Participants randomized to the M-IPS condition continued to meet in-person over ITV, monthly, for the first 6 months of the 12-month weight maintenance condition. At these meetings, weight was measured, and subjects attended an hour-long weight maintenance support group. They were encouraged to continue self-monitoring, although their diaries were not reviewed by the therapist. Subjects in this group were not contacted between monthly meetings, and there was no contact from months 7 to 12.

Assessments

The following measures were obtained at 0, 6, 12, and 18 months at the ITV studios:

  1. Body weight was measured on a beam-balance scale, with participants in their street clothes and without shoes. Height was self-reported at baseline.
  2. Energy intake was measured using the Block Food Frequency Questionnaire (22) and analyzed using the National Cancer Institute Dietary Analysis System 4.01 software program (National Cancer Institute, Bethesda, MD).
  3. Energy expended in physical activity was measured at 0, 6, 12, and 18 months using the Paffenbarger Physical Activity Questionnaire (23).

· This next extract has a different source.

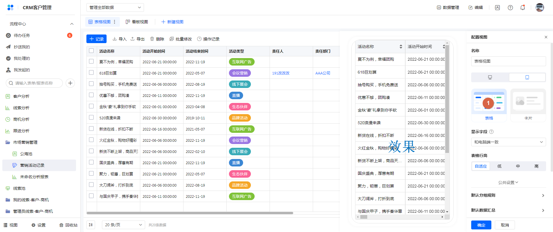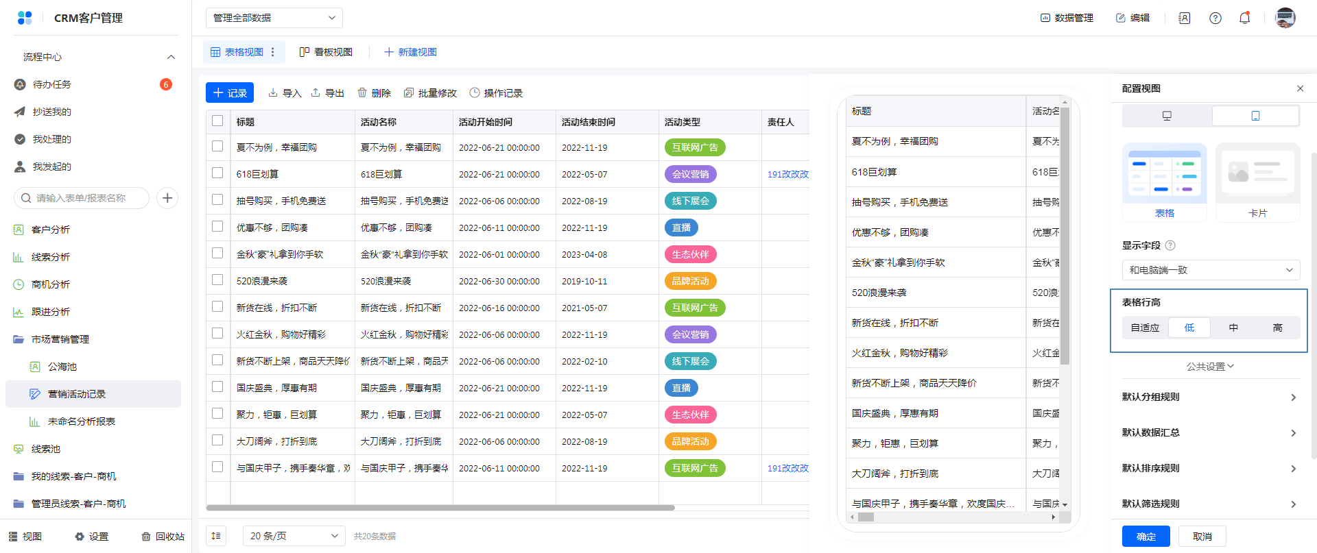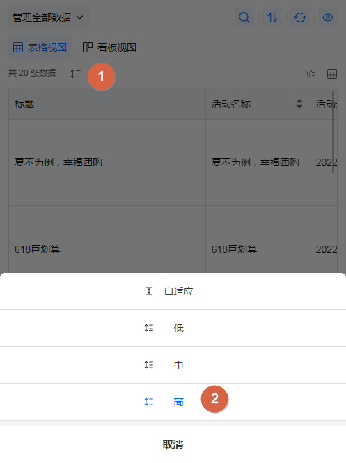 移动端表格视图样式支持自适应、低、中、高 4 种行高样式,在左侧预览界面可以看到预期效果:

A number of process measures were used in an effort to identify the mediators of change in weight. These included the following:

  1. Computer experience and comfort. At baseline, subjects were asked to choose one of the following statements to describe their computer ability: 1) novice with little or no computer experience; 2) comfortable with basic software applications; 3) comfortable with basic software applications and the internet; 4) hobbyist with more advanced understanding of software and hardware; or 5) computer professional. They were additionally asked to rate their level of comfort with computers and computer technology on a 10-point scale where 1 = profoundly uncomfortable and 10 = extremely comfortable.
  2. Attendance at group meetings and chat sessions was recorded.
  3. Adherence to self-monitoring was assessed by calculating the number of weeks subjects in the F-IPS and IS groups submitted self-monitoring records. This included data submitted through the study web page by the IS group members and postcard and diary data submitted by the F-IPS group members.
  4. Social influence components were assessed in the M-IPS, F-IPS, and IS conditions at the 6- and 12-months assessments and by the F-IPS and IS conditions at the 18-month assessment. The Perceived Social Support Scale (24) was used to measure the degree to which subjects felt supported by their group members. The scale had 20 items, and each item was given one point if the respondent reported feeling supported; therefore, higher scores represented more perceived support. The scale has been shown to have good internal consistency (0.90), good test-retest reliability (0.83), and good predictive validity (24). The quality of the therapist/patient relationship was assessed with the bonding subscale of the Working Alliance Inventory (25). The bonding subscale contained 12 items that were coded on a 7-point scale from 1 = never to 7 = always and has been shown to have good convergent and divergent validity and an internal reliability estimate of 0.85 (25). Higher scores represented better bonding with the group therapist

Statistical Analysis

All data entry and analysis were completed by staff that was blinded to subject condition. Data were analyzed using SPSS version 10.05 software (SPSS Inc., Chicago, IL). Comparisons of baseline data were performed using a one-way ANOVA. The a priori hypotheses were examined using a two-factor (group times time) repeated measures ANOVA, and additional analyses were performed using a one-way ANOVA. A chi2 test was used to assess demographic and distribution patterns for subjects who dropped out and for those who achieved intervention goals. Statistical significance was defined as p less than or equal to 0.05. All data were analyzed using intention-to-treat analysis unless otherwise specified. For missing data, we assumed that there was a return to baseline values for weight, exercise, and calorie intake.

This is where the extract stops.